*RECORDS FOR THE EXERCISE*
----

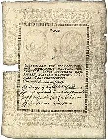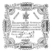 Выпуск двадцатипятирублёвых ассигнаций был начат при Екатерине II в соответствии с манифестом от 29 декабря 1768 (9 января 1769) года[1].
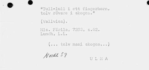 //// "Tul'1-lull I ett fingerhorn? tolv rövare i skogen." //// (Vallvisa). //// Hls. Färila, 7283, s.62. Lundh? L.L. //// (... tolv mani skogen...) //// * ////
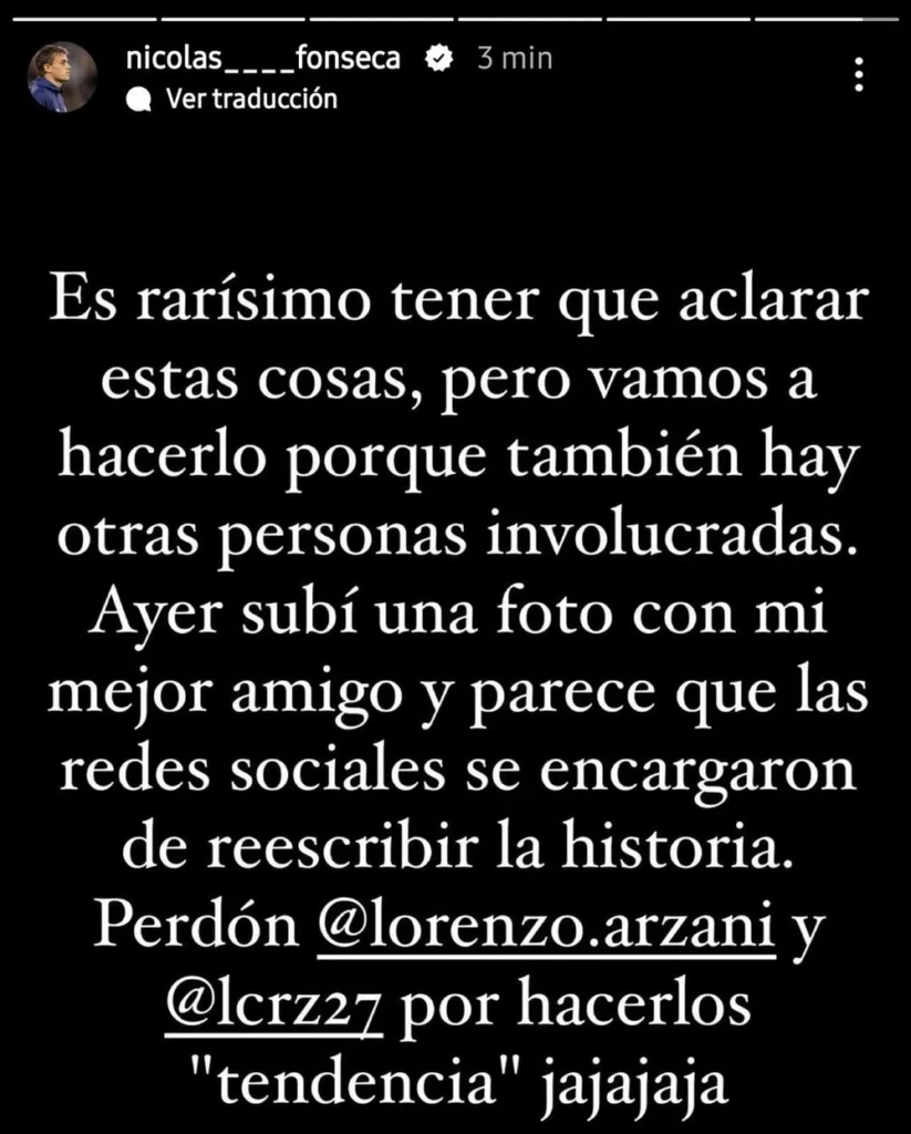 "Es rarísimo tener que aclarar estas cosas, pero vamos a hacerlo porque también hay otras personas involucradas. Ayer subí una foto con mi mejor amigo y parece que las redes sociales se encargaron de reescribir la historia", comenzó escribiendo el joven de River.
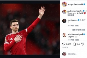 羅伯遜將在本賽季結(jié)束后離開利物浦,他在社交媒體上曬出謝場(chǎng)的照片,配文:“謝謝你,安菲爾德?!?/p>
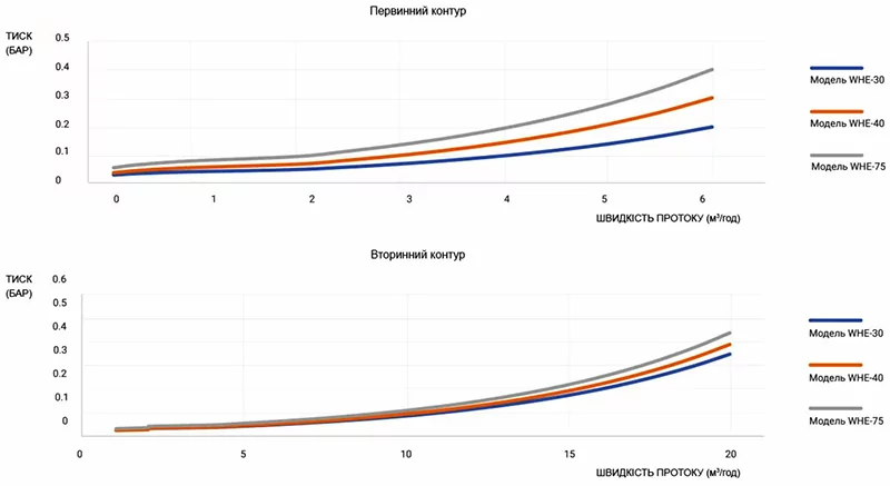 Допустимий тиск у контурі теплоносія - 30 бар. Модель може бути використана в системах з високим тиском теплоносія, наприклад для відбору тепла з централізованих, міських лініях подачі тепла. Допустима температура теплоносія до +170С, модель застосовна для систем з твердопаливними котлами та максимальною температурою теплоносія.
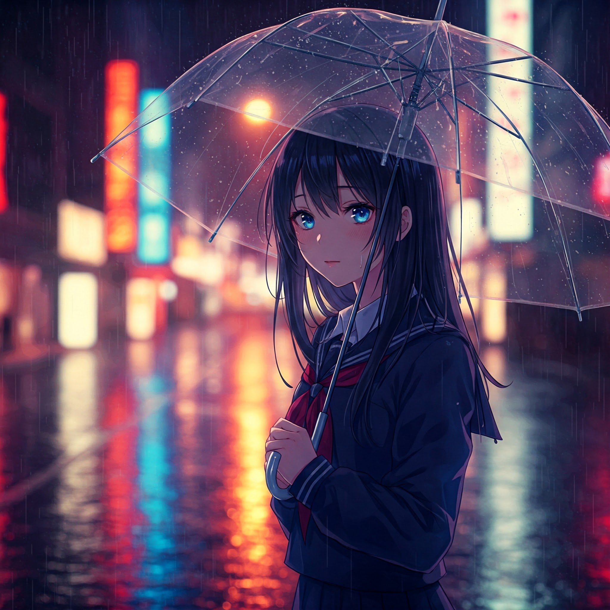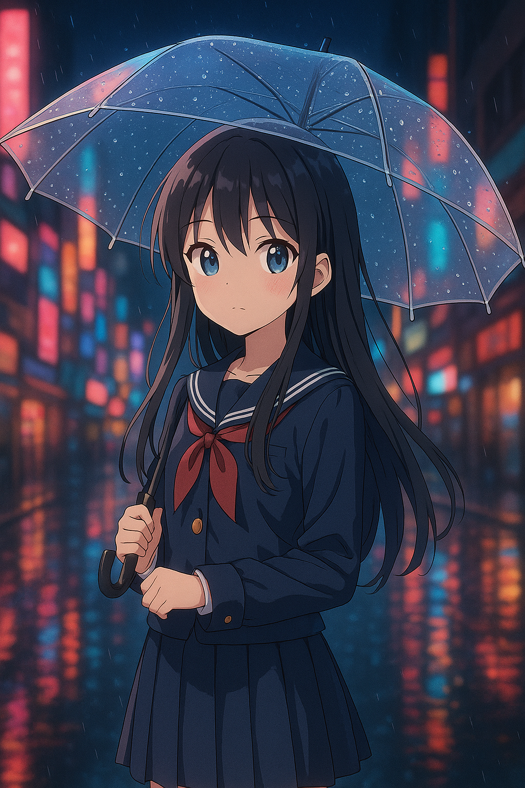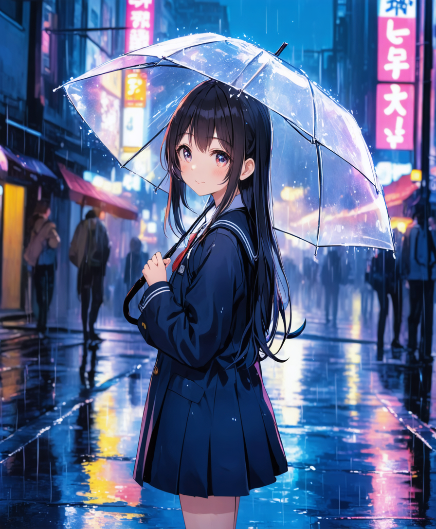 夜の雨の中、都市の通りの中央に立つ、透明な傘を差したアニメ風の少女。彼女は長い髪をしており、少し濡れている。濃紺のセーラー服を着ている。濡れた地面にはカラフルなネオン看板が反射している。柔らかなライティング、光のエフェクト、アニメ特有の陰影、精密に描かれた瞳と髪、日本のアニメスタイルで描かれている。
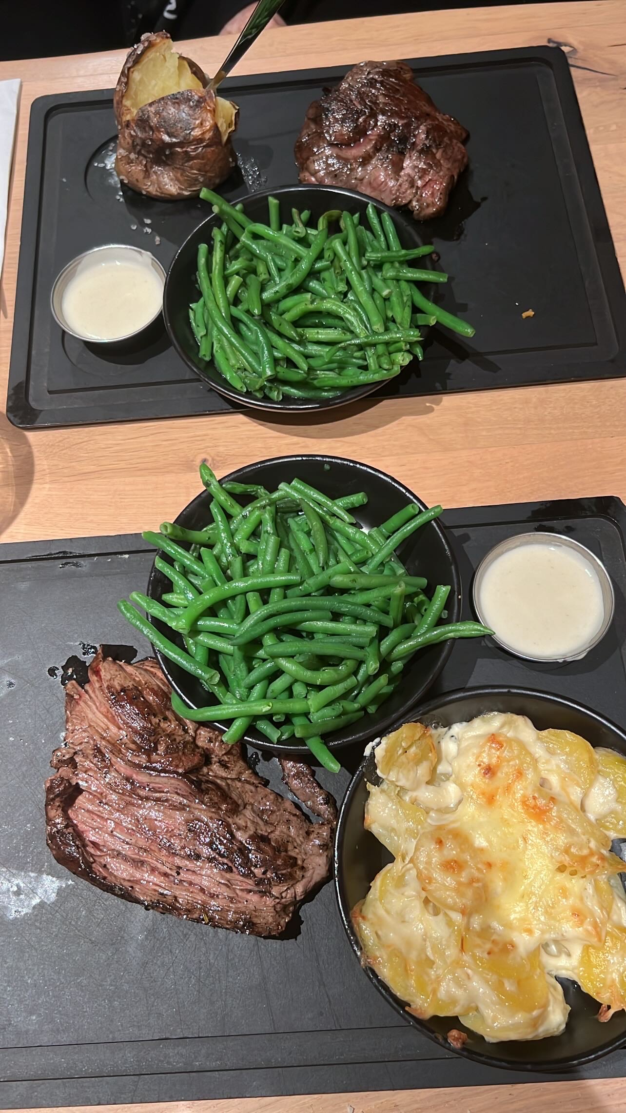 Vraiment dommage notre dernière expérience n’a pas était positive … Le serveur n’était pas vraiment au courant de ce qu’il vend à la carte et ne connaît pas non plus le vin et ne peut donc pas vous renseigner . Étant végane je demande des haricots vert et demande si il n’y a pas de beurre dedans (je suis plutôt insistante ) au final mon plat arrive et il y a bien du beurre dedans … malheureuse mésaventure . Le responsable a réussi à corriger le tire avec sa gentillesse mais je ne penses pas revenir … dommage mon compagnon adore la viande
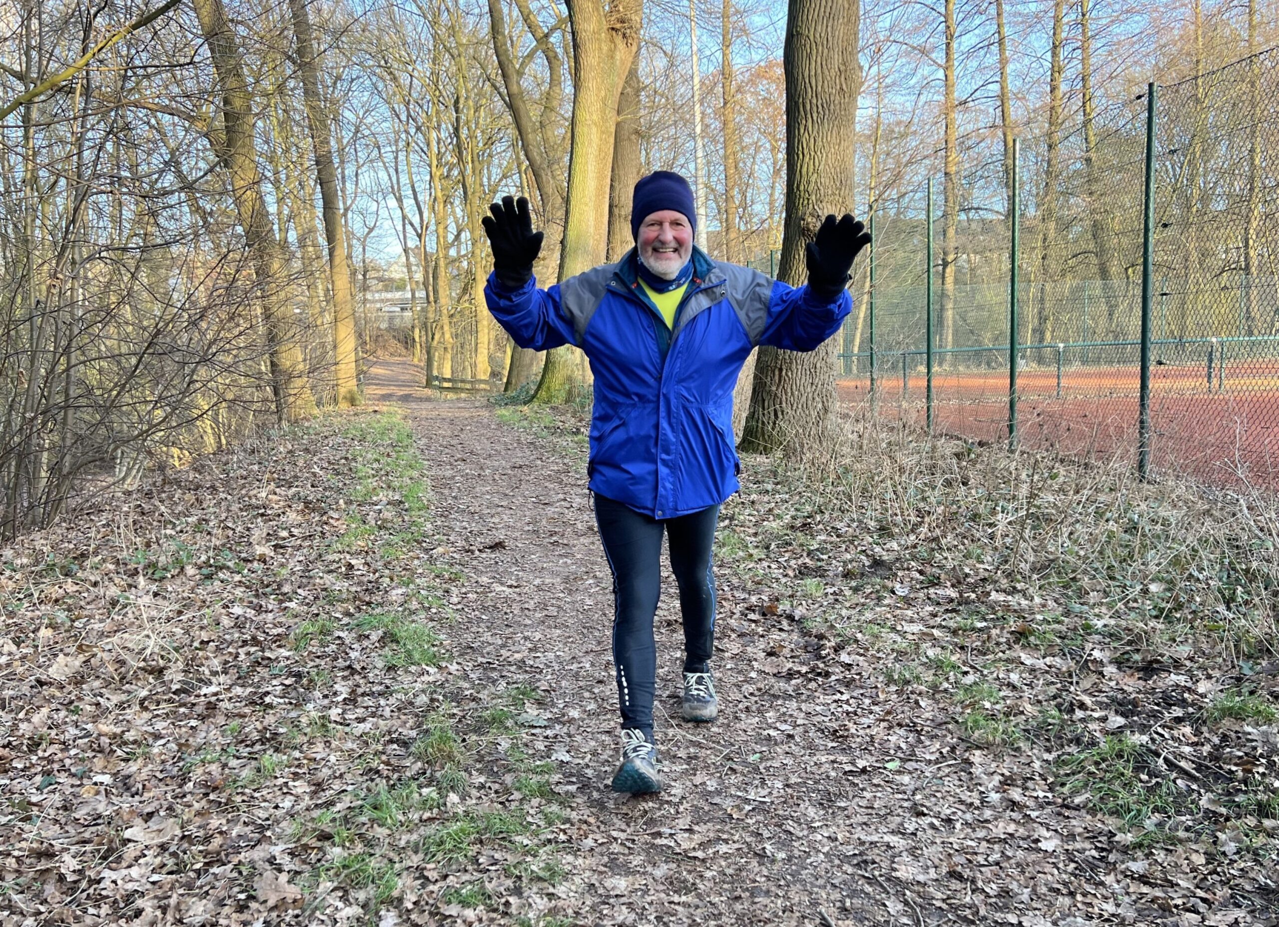 Einzelläufer Dirk holt mich ein, und wir plaudern ein bißchen

----

*TASK GOAL*
Everything in the records is to be repeated verbatim except the pictures.

*OUTPUT BELOW*
 Выпуск двадцатипятирублёвых ассигнаций был начат при Екатерине II в соответствии с манифестом от 29 декабря 1768 (9 января 1769) года[1].
 //// "Tul'1-lull I ett fingerhorn? tolv rövare i skogen." //// (Vallvisa). //// Hls. Färila, 7283, s.62. Lundh? L.L. //// (... tolv mani skogen...) //// * ////
 "Es rarísimo tener que aclarar estas cosas, pero vamos a hacerlo porque también hay otras personas involucradas. Ayer subí una foto con mi mejor amigo y parece que las redes sociales se encargaron de reescribir la historia", comenzó escribiendo el joven de River.
 羅伯遜將在本賽季結(jié)束后離開利物浦,他在社交媒體上曬出謝場(chǎng)的照片,配文:“謝謝你,安菲爾德?!?/p>
 Допустимий тиск у контурі теплоносія - 30 бар. Модель може бути використана в системах з високим тиском теплоносія, наприклад для відбору тепла з централізованих, міських лініях подачі тепла. Допустима температура теплоносія до +170С, модель застосовна для систем з твердопаливними котлами та максимальною температурою теплоносія.
 夜の雨の中、都市の通りの中央に立つ、透明な傘を差したアニメ風の少女。彼女は長い髪をしており、少し濡れている。濃紺のセーラー服を着ている。濡れた地面にはカラフルなネオン看板が反射している。柔らかなライティング、光のエフェクト、アニメ特有の陰影、精密に描かれた瞳と髪、日本のアニメスタイルで描かれている。
 Vraiment dommage notre dernière expérience n’a pas était positive … Le serveur n’était pas vraiment au courant de ce qu’il vend à la carte et ne connaît pas non plus le vin et ne peut donc pas vous renseigner . Étant végane je demande des haricots vert et demande si il n’y a pas de beurre dedans (je suis plutôt insistante ) au final mon plat arrive et il y a bien du beurre dedans … malheureuse mésaventure . Le responsable a réussi à corriger le tire avec sa gentillesse mais je ne penses pas revenir … dommage mon compagnon adore la viande
 Einzelläufer Dirk holt mich ein, und wir plaudern ein bißchen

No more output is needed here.